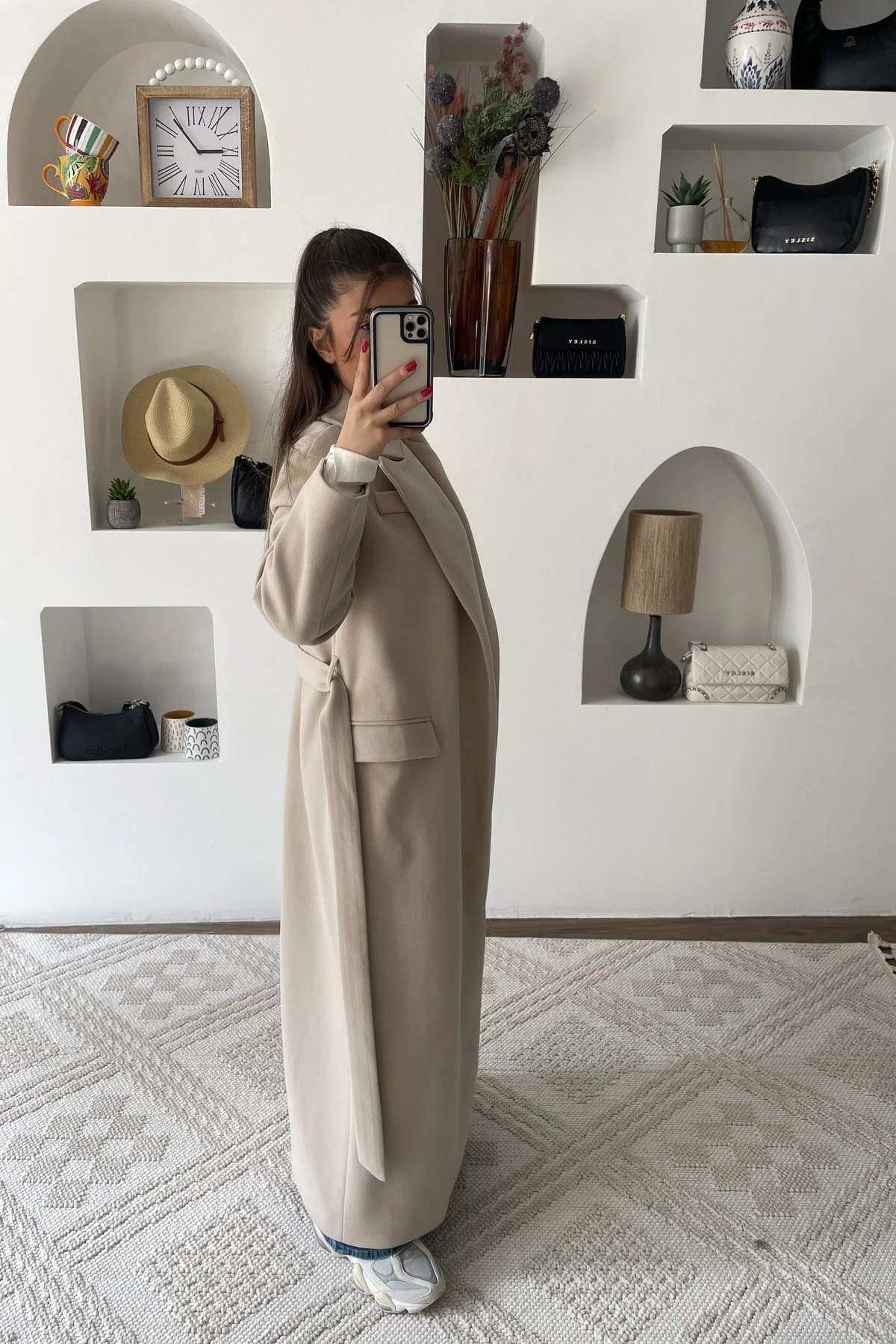 KAPAK CEP BEL KUŞAK ASTARLI UZUN KAŞE KABAN - CAMEL
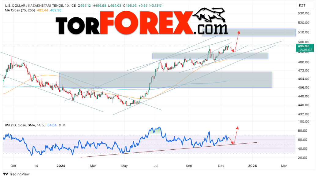 Дополнительным сигналом в пользу подъёма валютной пары USD/KZT 18 — 22 ноября 2024 выступит отбой от восходящей линии тренда на индикаторе относительной силы (RSI). Вторым сигналом станет отток от нижней границы восходящего канала. Отменой варианта роста пары USD/KZT на текущий торговой неделе выступит падение котировок и пробой уровня 481.65 Тенге за Доллар. Это укажет на пробой области поддержки и продолжение падения пары Доллар Казахский Тенге в область ниже уровня 475.45. Подтверждением росту пары выступит пробой области сопротивления и закрытие котировок актива над уровнем 500.05.
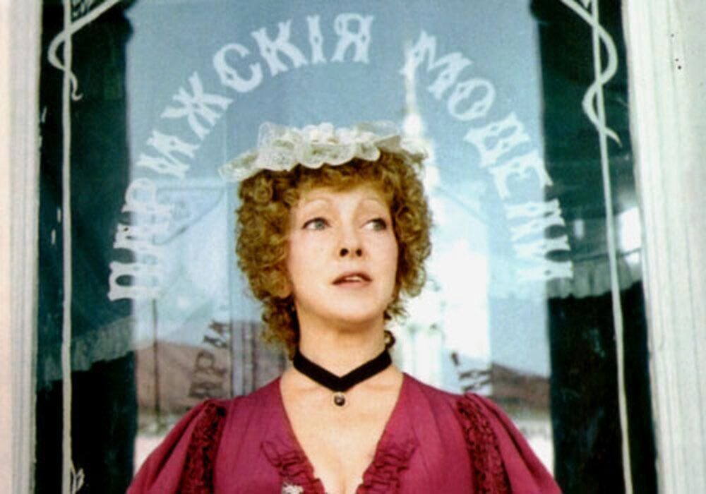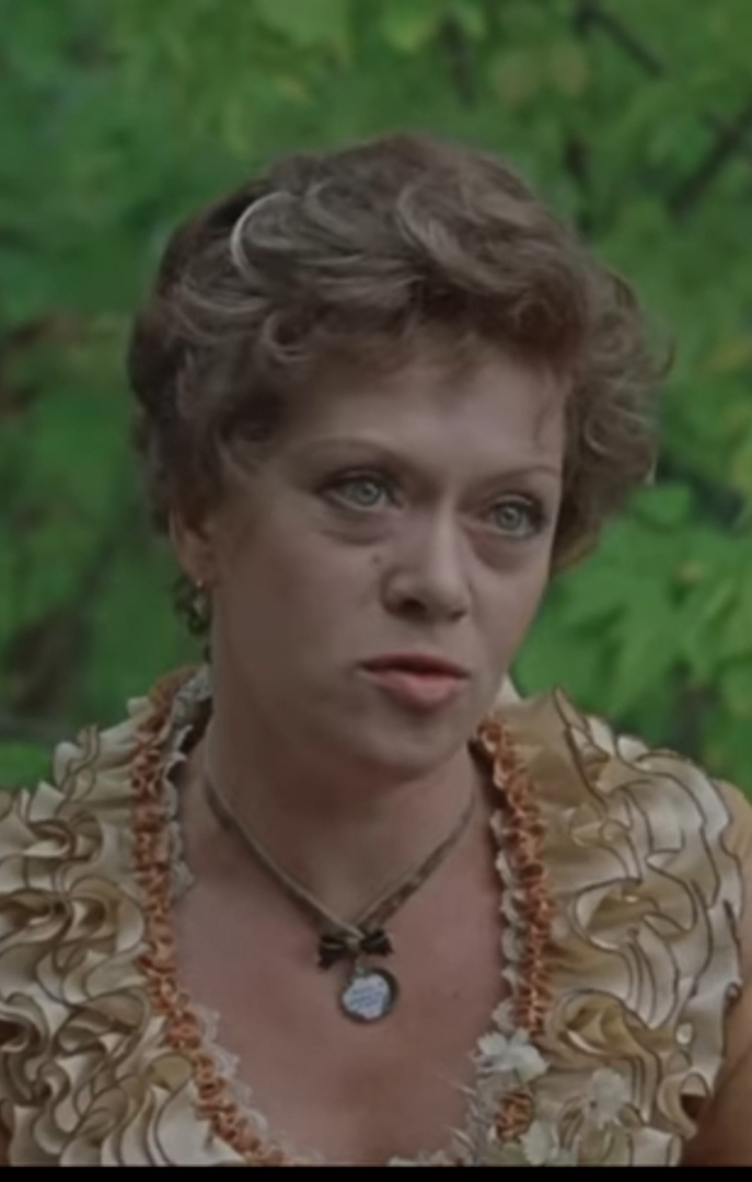 Похожую подвеску носит модистка, только лента не светлая, а чёрная. Модистку сыграла Ольга Волкова - бабушка из "Папиных дочек". Именно с ней Карандышев торговался из-за платья.
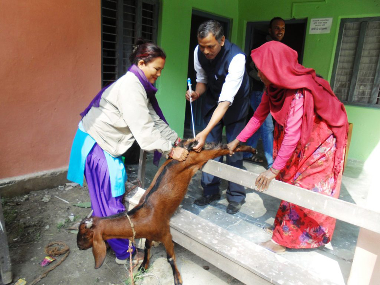 कञ्चनपुरमा बाख्राको कृत्रिम गर्भाधान गराउँदै
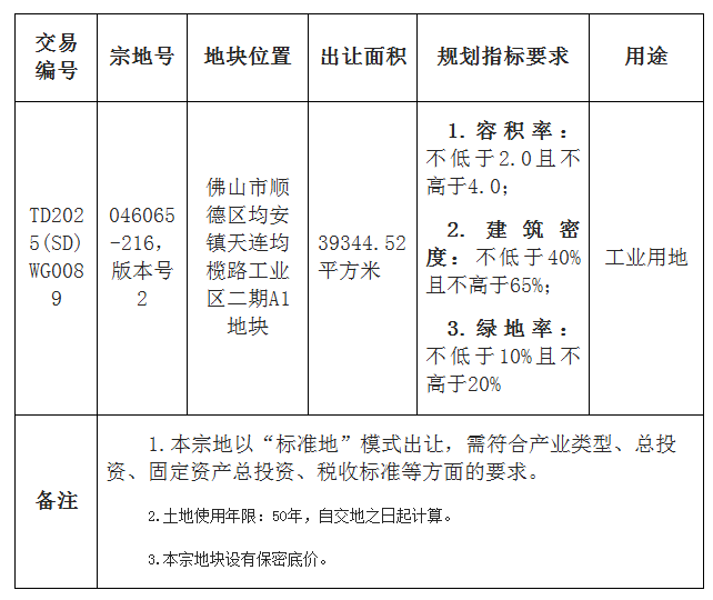概述:经佛山市人民政府批准,受佛山市自然资源局(以下称委托人)委托,本中心(以下称拍卖人)现采用网上拍卖方式出让以下地块的国有建设用地使用权......

_____

_Aim of the task_:
An exact copy is needed of the lines from the start of the listing through the line with "कञ्चनपुरमा बाख्राको कृत्रिम गर्भाधान गराउँदै", both end lines included and pictures excluded.

_Finished task_:
 KAPAK CEP BEL KUŞAK ASTARLI UZUN KAŞE KABAN - CAMEL
 Дополнительным сигналом в пользу подъёма валютной пары USD/KZT 18 — 22 ноября 2024 выступит отбой от восходящей линии тренда на индикаторе относительной силы (RSI). Вторым сигналом станет отток от нижней границы восходящего канала. Отменой варианта роста пары USD/KZT на текущий торговой неделе выступит падение котировок и пробой уровня 481.65 Тенге за Доллар. Это укажет на пробой области поддержки и продолжение падения пары Доллар Казахский Тенге в область ниже уровня 475.45. Подтверждением росту пары выступит пробой области сопротивления и закрытие котировок актива над уровнем 500.05.
 Похожую подвеску носит модистка, только лента не светлая, а чёрная. Модистку сыграла Ольга Волкова - бабушка из "Папиных дочек". Именно с ней Карандышев торговался из-за платья.
 कञ्चनपुरमा बाख्राको कृत्रिम गर्भाधान गराउँदै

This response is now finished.